Gastrointestinal Stromal Tumor (GIST): Understanding Your Pathology Report

by Jason Wasserman MD PhD FRCPC
April 5, 2026


A gastrointestinal stromal tumor, or GIST, is a type of cancer that starts in the wall of the digestive tract. The most common locations are the stomach and small intestine, but GISTs can occur anywhere from the esophagus to the rectum.
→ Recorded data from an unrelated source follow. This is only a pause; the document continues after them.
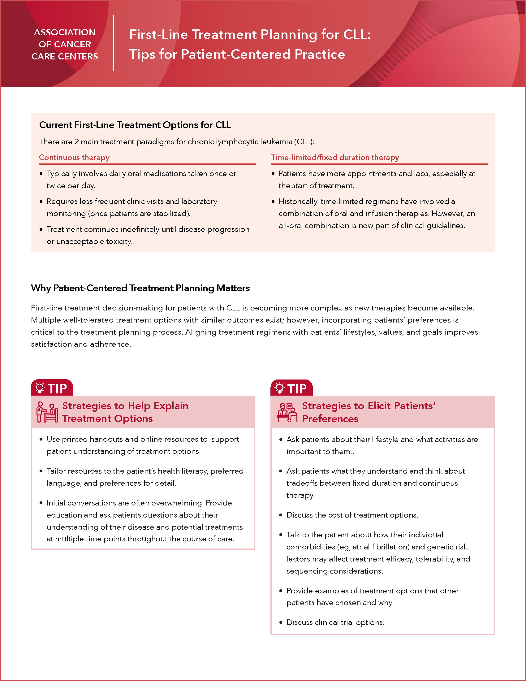 Explore practical, patient-centered first-line CLL treatment strategies. Download this tip sheet for actionable guidance on explaining treatment options, eliciting patient preferences, and navigating clinical trial discussions.
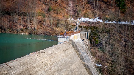 Valvestino Dam on Lake Garda in Italy. Hydroelectric power plant.
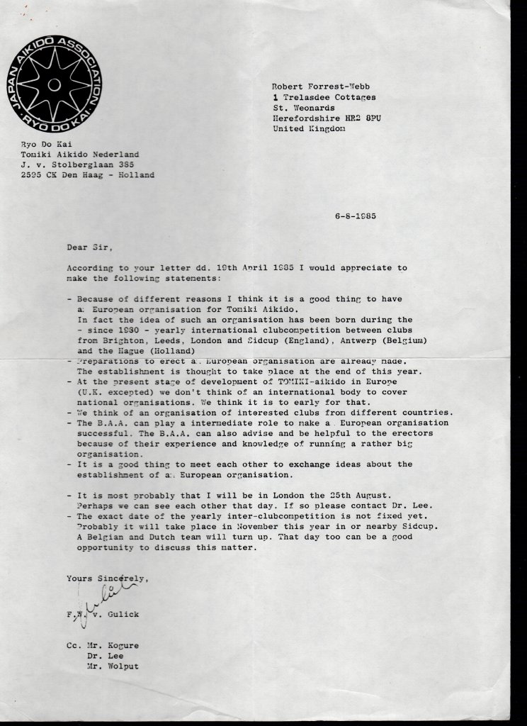 Opmerkelijk is dat ook de British Aikido Association (BAA) een poging ondernam om een Europese federatie op te richten, maar dan wel onder leiding van de BAA.
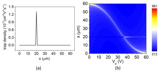 Interestingly, we found that a stationary light spot appeared at a place about 20 m from the drain when extracting the brightest light from Figure 3a, as plotted with blue dots in Figure 3a. This spot almost remained unmoved when changed, which could be caused by locally trapped charges in the oxide that produce image charges in graphene []. In view of this, the density carrier equation could be modified by introducing a locally trapped charges function (), as shown in Figure 4a. Then, Equation (6) is rewritten as
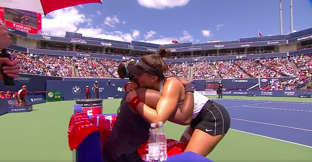 Respect, compassion, fairplay… C’est pour toutes ces valeurs qu’on aime le sport ! Et la jeune canadienne Bianca Andreescu a eu un geste certes spontané mais qui reste exemplaire lors de sa finale face à Serena Williams aux Masters 1000 de Toronto. Alors qu’elle a remporté la rencontre sur abandon de son adversaire, la joueuse de 19 ans est allée consoler l’Américaine, en pleurs sur sa chaise, en lui faisant un câlin plein de tendresse et de bienveillance…
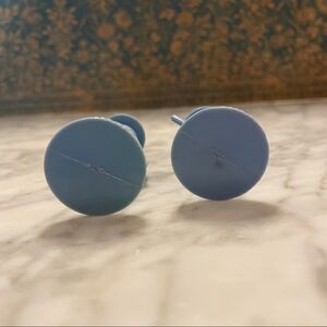 These little vintage blue plastic Mr. Peanut shakers are in excellent condition. The hat unscrews for the salt and pepper. They are identical though, so it might be hard to tell which is which. Lol
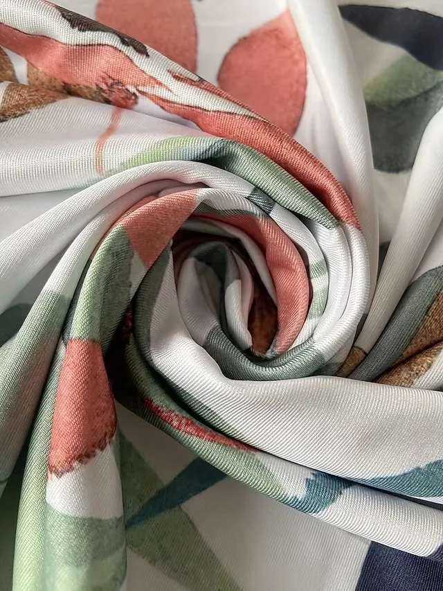 Elegante satijnen hemdkleed met kunstzinnig print en losse snit. Perfect voor vakantie en vrije tijd – ontdek het nu.
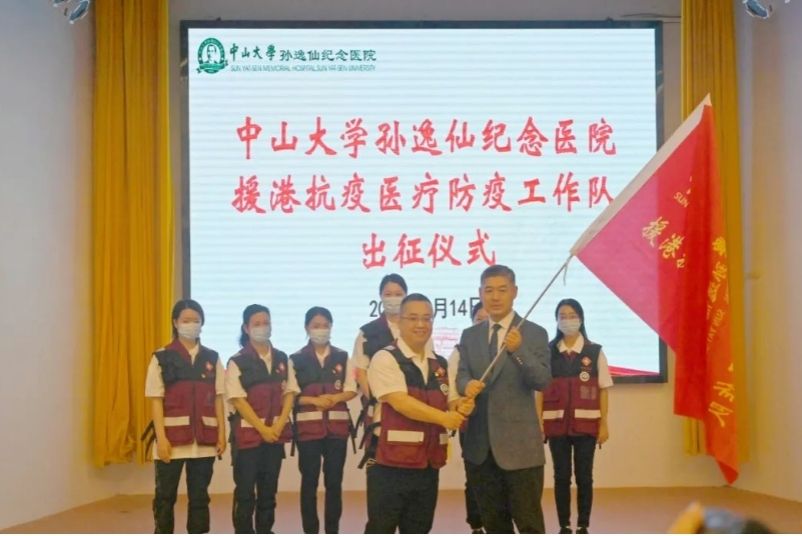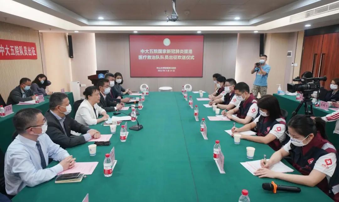 ▲中大五院援港医疗队出征仪式现场(图源:附属第五医院)
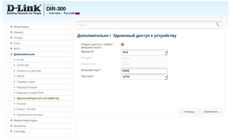 Для дальнейшей конфигурации устройства необходимо обратиться к Web-интерфейсу маршрутизатора из внешней сети. Для этого в адресной строке браузера введите IP-адрес, указанный в настройках соединения, и номер порта, заданный в настройках удаленного доступа, в следующем формате :. Доступ к Web-интерфейсу также можно получить с любого устройства, подключенного к беспроводной сети маршрутизатора (локальная сеть маршрутизатора).
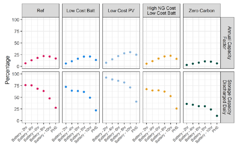 為了回答這些問題,這項工作評估了區(qū)域能源部署系統(tǒng)(ReEDS)模型確定的場景的詳細(xì)操作,以使用商業(yè)生產(chǎn)成本模型軟件PLEXOS以每小時為基礎(chǔ)來明確實現(xiàn)儲能部署率較高的場景的操作。該研究使用一系列場景來評估儲能系統(tǒng)在每日、季節(jié)性和年度基礎(chǔ)上可能扮演的角色,以及該角色如何隨著儲能系統(tǒng)的配置和系統(tǒng)資源組合而變化。(注:PLEXOS是采用基于數(shù)學(xué)原理的優(yōu)化技術(shù)進(jìn)行預(yù)測的經(jīng)濟(jì)型優(yōu)化軟件。PLEXOS提供最新的可視化功能、數(shù)據(jù)處理和分布式計算方法,可以為電力、水和天然氣提供強(qiáng)大的高性能仿真系統(tǒng)。)

GISTs are distinct from other gastrointestinal cancers because they arise from specialized cells called interstitial cells of Cajal (ICCs), which act as pacemakers for the muscles in the digestive tract, coordinating the rhythmic contractions that move food through the gut.

This article will help you understand the findings in your pathology report — what the terms mean, what the numbers indicate, and why each piece of information matters for your care.

What causes a GIST?

GISTs are caused by genetic mutations in interstitial cells of Cajal or their precursor cells. The most common mutations are in the KIT gene (found in approximately 75% of GISTs) and the PDGFRA gene (found in approximately 10%). These mutations keep growth signals permanently switched on, causing the cells to grow and divide uncontrollably.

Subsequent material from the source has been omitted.